Getting from a station to a desk uses a tiny breadth-first pathfinder on the map’s walkability grid — short, predictable shortest paths around the furniture. Nothing fancier is needed at office scale, and BFS on an unweighted grid gives the shortest route for free.

Why this scales

A floor of avatars, a tile map, and animated envelopes is a lot of sprites — which is exactly what Pixi.js is good at. The single-ticker design keeps the per-frame work bounded, the camera transforms one container instead of every node, and the pixel-art settings (no antialias, nearest scaling) are cheap to render. The same performance discipline shows up next door in rendering many live terminals — keep the hot loop tight and let the renderer do what it’s fast at.

For the deeper game-dev mechanics — Tiled maps, pathfinding, sprite recoloring — see building an AI office floor.

FAQ

Does the visualization slow the agents down? No — the agents run as normal Claude Code processes; the floor is a read-only consumer of events they already emit. Rendering happens in the UI, separate from the agents’ work.

Can I still see the raw terminals? Yes. The floor is one view; the actual xterm.js terminals are another. The avatars tell you what at a glance; the terminals show you the byte-for-byte detail when you want it.

Munder Difflin renders your hive of Claude Code agents as a live Pixi.js office floor — real avatars, driven by real events, that you can actually watch. Download Munder Difflin to see your agents at work; it’s free and open source.

FAQ

Why visualize AI agents instead of just reading logs?

A spatial view answers 'what is everyone doing right now?' at a glance — who's working, who's idle, who's blocked, and who's messaging whom. Logs answer that too, but slowly; a floor you can watch turns a multi-agent system from a wall of text into something you can supervise.
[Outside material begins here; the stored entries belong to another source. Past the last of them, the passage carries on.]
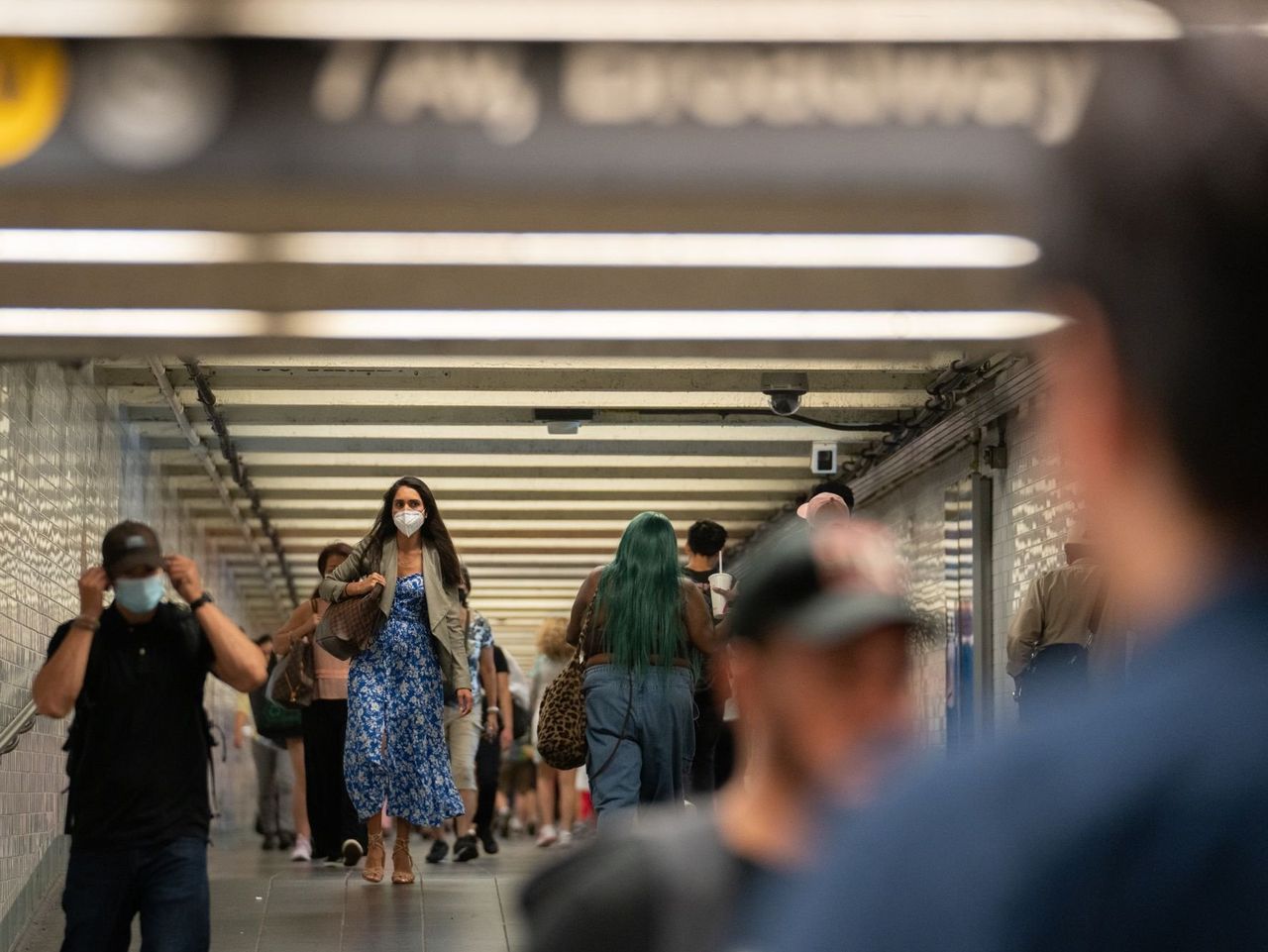 上個月,通勤者走過紐約時代廣場地鐵站。圖片來源:Jeenah Moon/Bloomberg News寫信給吉米·維爾金德,郵箱:[email protected]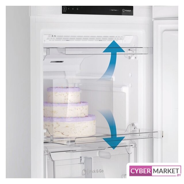 отдельностоящий, полный No Frost, механическое управление, класс A+, полезный объём: 276 л (200 + 76 л), перенавешиваемые двери, лоток для яиц, 54x60x184 см, серебристый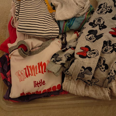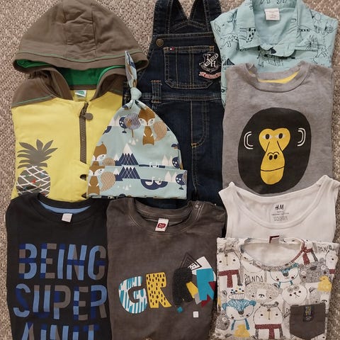 Lastenvaatepaketti — paljon vaatteita, hyvässä kunnossa. Lemmikkivapaa koti.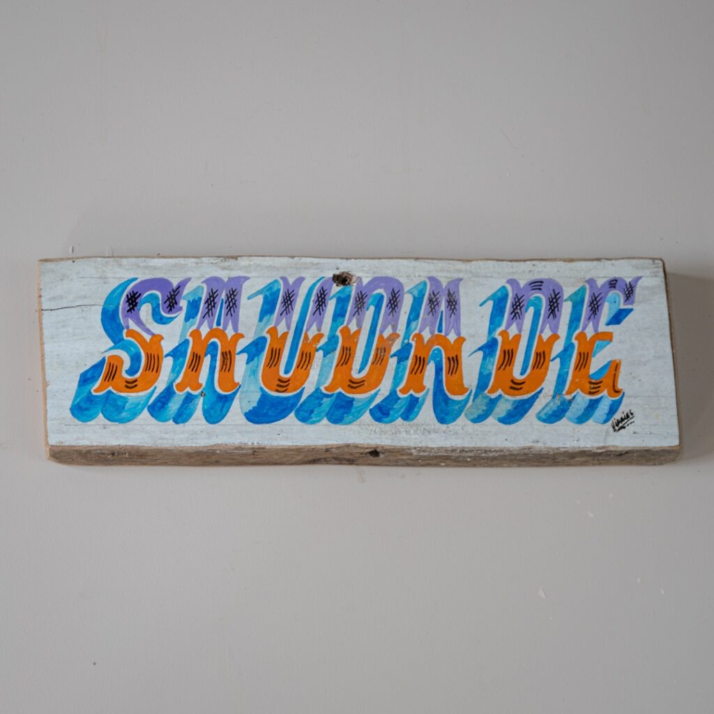Placa para parede feita em madeira de barcos e escrita com letras ornamentadas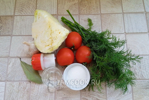 Для приготовления маринованной капусты с помидорами возьмите ингредиенты по предложенному списку.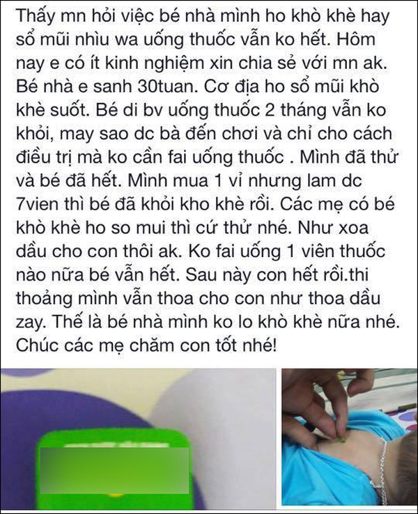Chị cho biết đã cho con uống thuốc theo đơn của bác sỹ kê hơn 2 tháng không khỏi. Sau đó, chị được họ hàng mách cho một loại thuốc viên, chỉ cần chích đầu viên thuốc ròi xoa lên ngực, lưng, bàn chân cho bé chỉ sau một đêm đã thấy con đỡ. Chị dùng đến viên thứ 7 thì cắt cơn ho cho con hoàn toàn.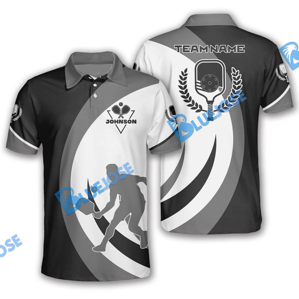 BlueJose Personalized Name, Team Name Silhouette Black Grey Emblem Pickleball 3D Shirt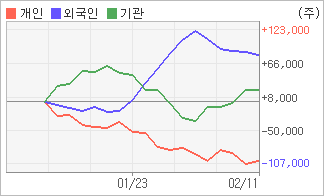 | 외국인/기관 순매수, 개인은 순매도(한달누적) 2월1일부터 전일까지 외국인이 5거래일 연속 동종목을 사들였다. 4주간을 기준으로 보면 외국인이 초반에 동종목을 순매수한 이후에 기세를 이어가며 80,287주를 순매수했고, 기관도 방향성있는 매매를 하면서 21,503주를 순매수했다. 반면 개인들은 매도쪽으로 방향을 잡으면서 101,790주를 순매도한 것으로 나타났다. |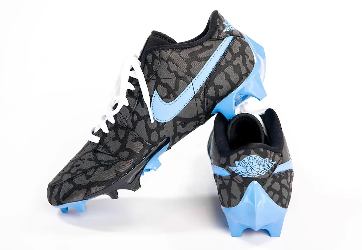 The Air Jordan 1 Low Cleat takes a different route, with the basketball silhouette on a black and grey elephant print base, with baby blue accents on the Swoosh, Wings logo, and outsole. These sneakers feature various textures, including synthetic satin, matte overlays, to achieve the sharp, yet subtle take on the AJ1, staying true to the classic lifestyle roots of the sneaker.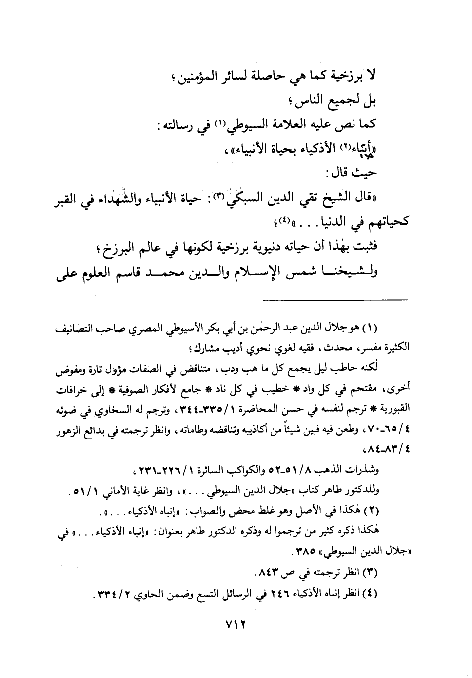 " أبناء الأذكياء بحياة الأنبياء "، حيث قال: " قال الشيخ تقي الدين السبكي: حياة الأنبياء والشهداء في القبر كحياتهم في الدنيا ... "؛ فثبت بهذا أن حياته دنيوية برزخية لكونها في عالم البرزخ؛ ولشيخنا شمس الإسلام والدين محمد قاسم العلوم على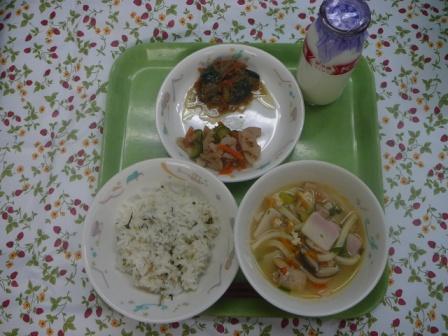 なめしご飯 うどん れんこんサラダ 揚げなすのごま煮 牛乳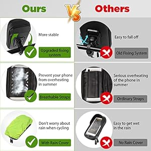 WATERPROOF BIKE PHONE BAG – The cycle phone holder is made of waterproof fiber material with a sealed double zipper closure design, which completely protects your smartphone from rain or dust. Free rain cover provides double protection all over heavy rains. All-in-one design with 3D die-casting process makes it hard and pressure-resistant for longtime use. Ideal for Moutain bike, motorbike, bicycle, E-Bike and so forth.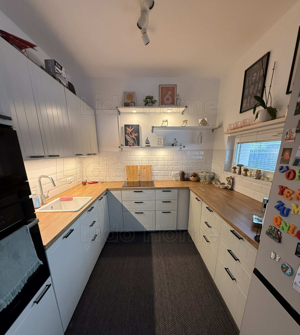 -konyha (praktikus, jól kihasznált beépített gépekkel és bútorokkal: az ár része!!)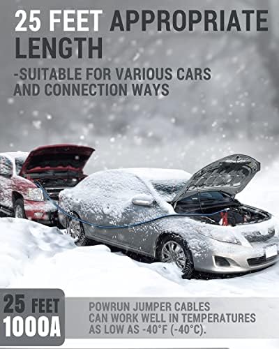 Le Prix Powrun P025 Câbles de démarrage pour batterie de voiture 12/24 V, câbles de démarrage robustes 1000 A avec sac de transport, kit de câbles de démarrage pour véhicules avec moteurs à essence jusqu’à 8,0 L et moteurs diesel 6,0 L
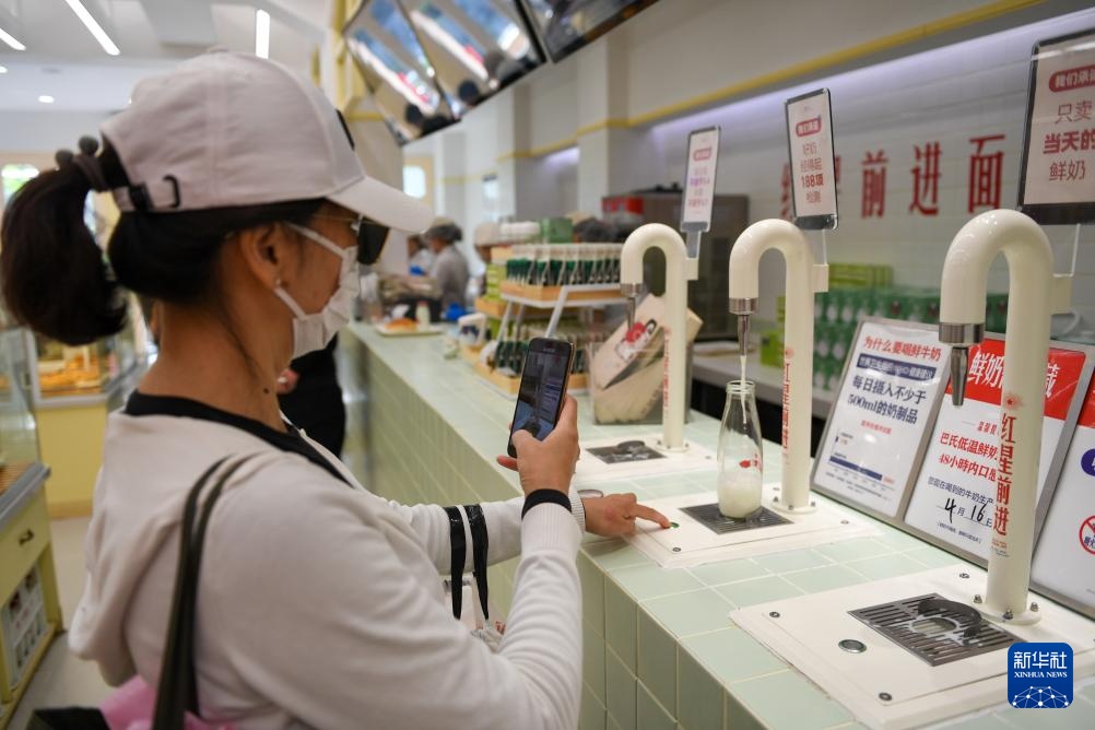 在东四北大街138号一家面包店内,顾客购买鲜牛奶(4月16日摄)。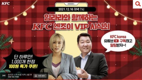 유튜브 kfc 라방에서 오늘 저녁 7시에 100원 쿠폰 쏜대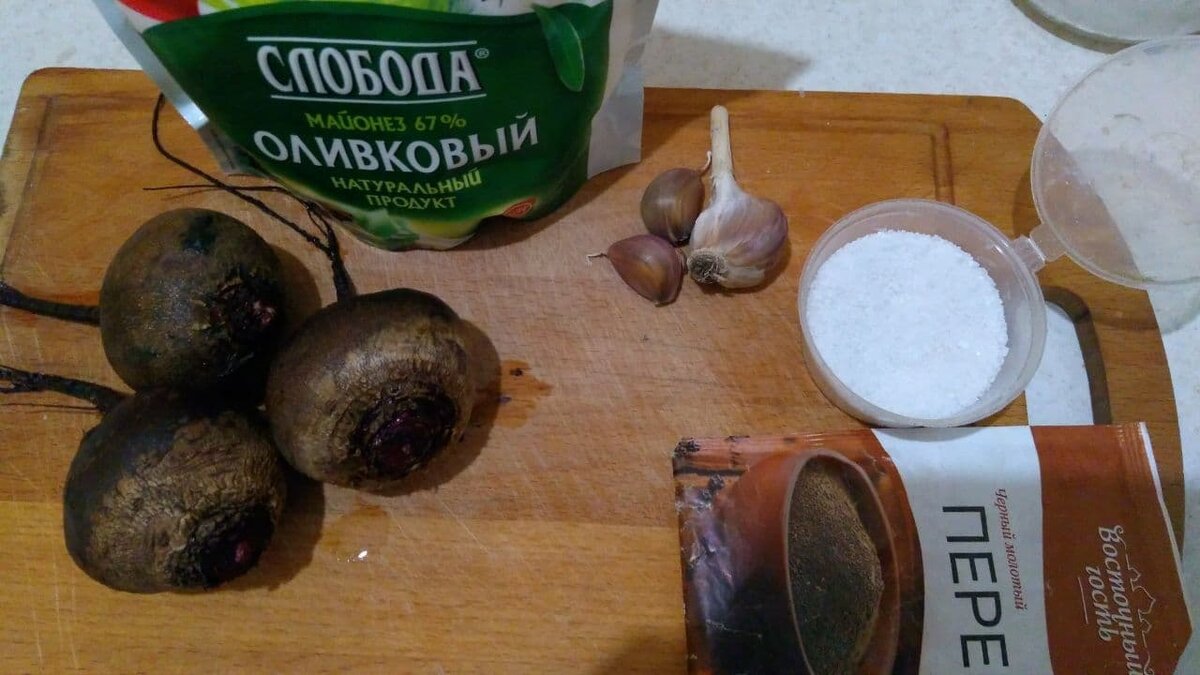 1. Подготовить все ингредиенты. Свеклу помыть, поставить вариться на примерно 1 час.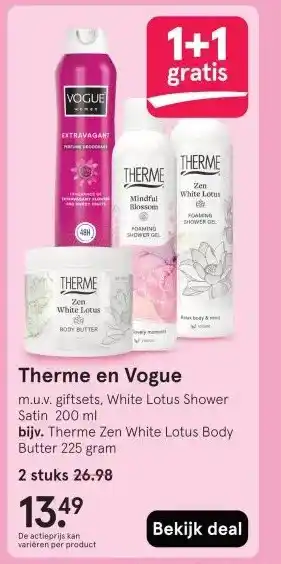 De aanbieding is verkrijgbaar in verschillende winkels, bekijk alle producten om de goedkoopste Therme en Vogue te krijgen. Als je graag wilt kijken of het artikel met meer korting te koop is in een andere winkel, bekijk de categorie 'Drogist en Parfumerie'. Wellicht vind je deze aanbiedingen ook interessant: Vogue douche en Vogue Men deodorant, Vogue deodorant & Vogue deodorant.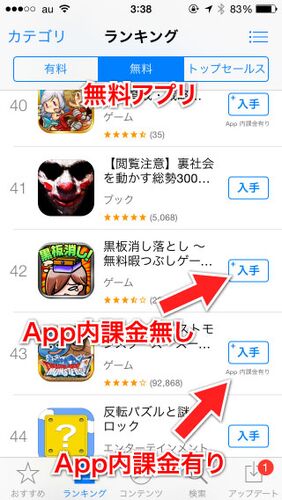 アプリ内課金の有無 みなさん、こんにちは! B-CHANです。 iPhone、iPadのApp Storeの表示が変わりましたよね。 有料アプリは以前と変わらず金額表示ですが、無料アプリは、「無料」から「入手」に変更になりました。 さらによく見ると、有料アプリにも無料…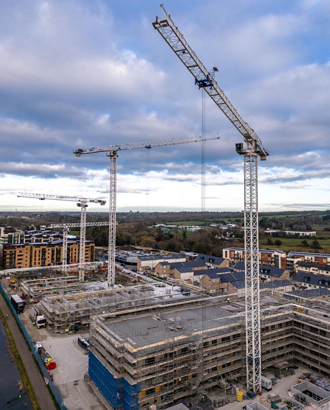 Irish Cranes supplies Raimondi MRT573 topless tower cranes to Walls Construction, the heaviest lifters in the company’s fleet set to remain onsite until project completion.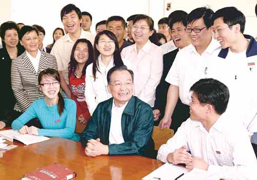 2008年5月4日,中共中央政治局常委、国务院总理温家宝应学生们的热情邀请来到中国政法大学,与大家一起共度青年节。这是温家宝在学校图书馆阅览室与学生们亲切交谈。 新华社记者 姚大伟摄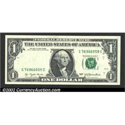 Fr. 1909-G $1 1977 Federal Reserve Note. Gem Crisp Uncirculated. The black of the third printing has disappeared on the left.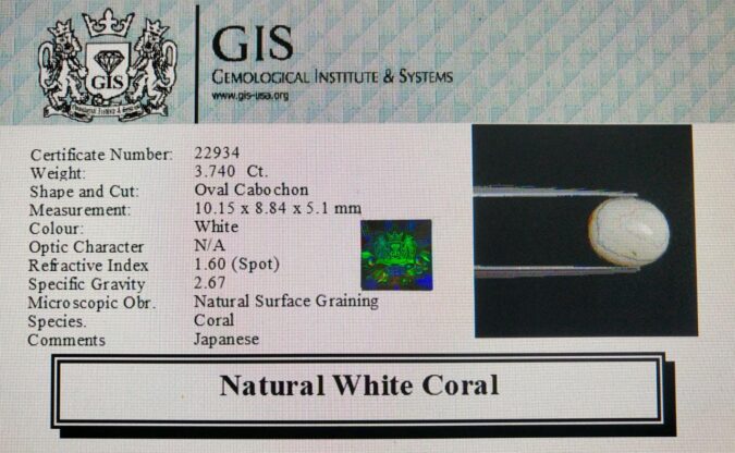 Beautiful 3.74 Ct. White Coral (Japanese Mines) Sava 4 Ratti Saphed Moonga. Free Horoscope & Free Pundit Ji Advise / Consultation. Original Natural Lab certified gems by IGI GTL / Birth stones / Large Gem Selection of shree shubh Rashi Ratan Vedic dhan at Gem Mines. May Bhagwan Brahma, Vishnu, Shiv & Universe bless you.
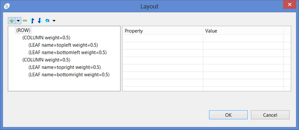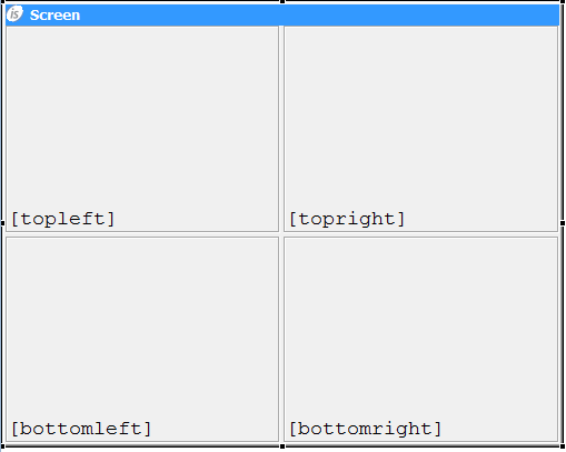 How to create docking windows It’s possible to create docking windows with the IDE by following these steps: 1. Click on the Screen title bar in order to load screen properties in the Property View. 2. Set the property "window type" to "DOCKING". 3. Right click on the Screen title bar and select "Docking Window Layout" from the pop-up menu. The Layout editor is open. Use the buttons at the top to create ROWS, COLUMNS and LEAFS. Provide a name and a weight for each item. The following screenshot, for example, shows a layout made of 4 different dockable windows where each dockable window takes a quarter of the docking window. The above settings will make the Screen look like this in the Screen Designer. 4. Create a new Screen 5. Select the new Screen and set the property “window type” to "DOCKABLE". 6. Set the property "upon leaf" to one of the leafs defined in point 3. 7. Draw controls on the Screen and code their procedures. 8. Repeat from step 4 for each dockable window that you want to add to the docking window.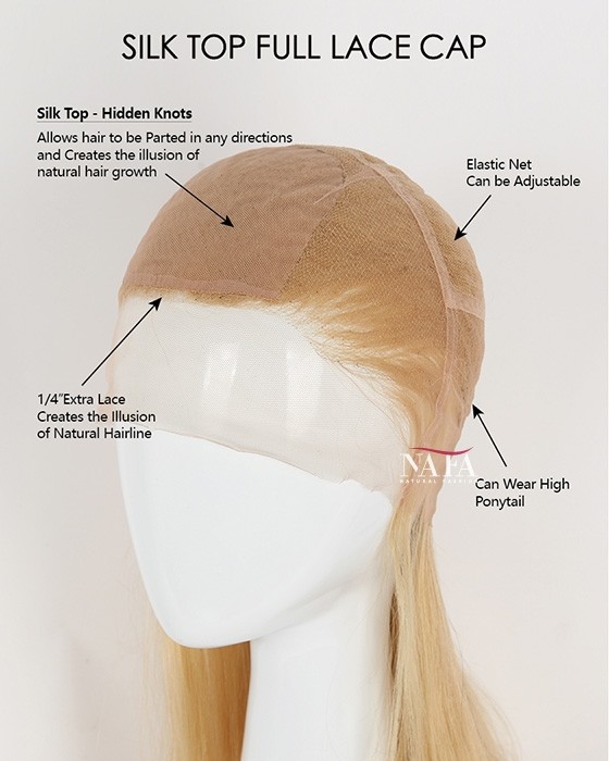 Cap Construction: Full Swiss lace cap with silk top (4.5"x4.5")

Is the office floor a simulation or real activity?

Real. Avatars move in response to actual Claude Code hook events (PreToolUse, PostToolUse, Stop) and real routed messages — not a scripted animation. When an avatar walks to the terminal station, an agent really did run a command.

Why Pixi.js for an agent visualization?

Pixi.js is a fast 2D WebGL renderer that handles many sprites smoothly, which suits a floor of avatars, tile maps, and animated envelopes. It gives game-quality rendering inside an Electron app without a heavy engine.